|Keywords:||Engineering and Technology; Teknik och teknologier; Masterprogram i tillämpad beräkningsvetenskap; Master Programme in Computational Science|
|Full text PDF:||http://urn.kb.se/resolve?urn=urn:nbn:se:uu:diva-253688|
The governing dynamics of simple and complex processes, whether physical, biological, social, economic, engineering, or even rather a mere figment of imagination, can be studied via numerical simulations of mathematical models. These models in many cases can be thought to consist of one, or frequently, several coupled partial differential equations (PDEs).

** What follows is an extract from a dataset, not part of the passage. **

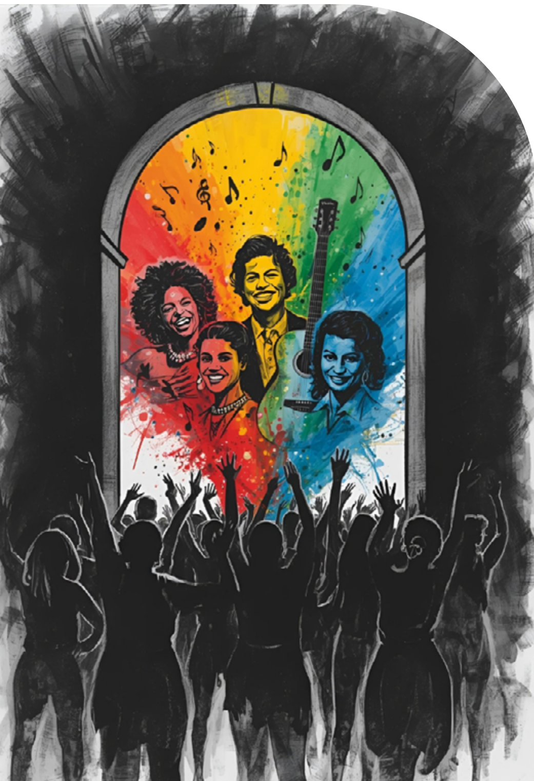
Figura1: Com a Palavra, as Mulheres do Samba.

O primeiro passo é dividir a turma em pequenos grupos, que funcionarão como “produtoras musicais”. Cada grupo será uma pequena produtora, responsável por tomar as decisões criativas em conjunto, realizar as atividades e organizar a apresentação final. A colaboração é a chave do sucesso, tanto dentro do próprio grupo ou entre os demais.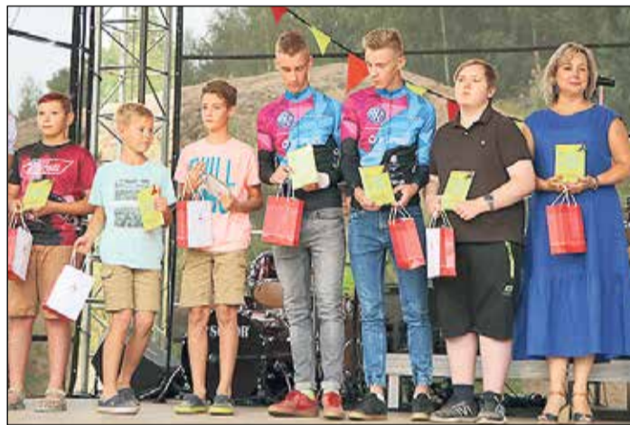
Atzinības balvas saņēmēji zēnu konkurencē.

In many applications, the aim of such simulations is not only to study the behavior of the underlying processes, but also to optimize or control those in some optimal way. These are referred to as optimal control problems constrained by PDEs and are stated in the form of a constrained minimization problem. The general framework under which such problems are studied is referred to as PDE-constrained optimization. In this thesis, we aim to solve three benchmark optimal control problems, namely, the optimal control of the Poisson equation, the optimal control of the convection-diffusion equation and the optimal control of the Stokes system. Numerically tackling these problems lead to a large optimality system with a saddle point structure. Systems with a saddle point structure are indefinite and in general, ill-conditioned, thus posing great challenges for iterative solvers seeking to find their solution. Preconditioning the optimality system is a possible strategy to deal with the issue. The main focus of the thesis is therefore to solve the resulting optimality systems with various preconditioners available in literature and compare their efficiency. Moreover, additional challenges arise when dealing with convection-diffusion control problems which we effectively deal by employing the local projection stabilization (LPS) scheme. Furthermore, Axelsson and Neytcheva in  proposed a preconditioner for efficiently solving large nonlinear coupled multi-physics problems. We successfully apply this preconditioner to the first two benchmark problems with promising results.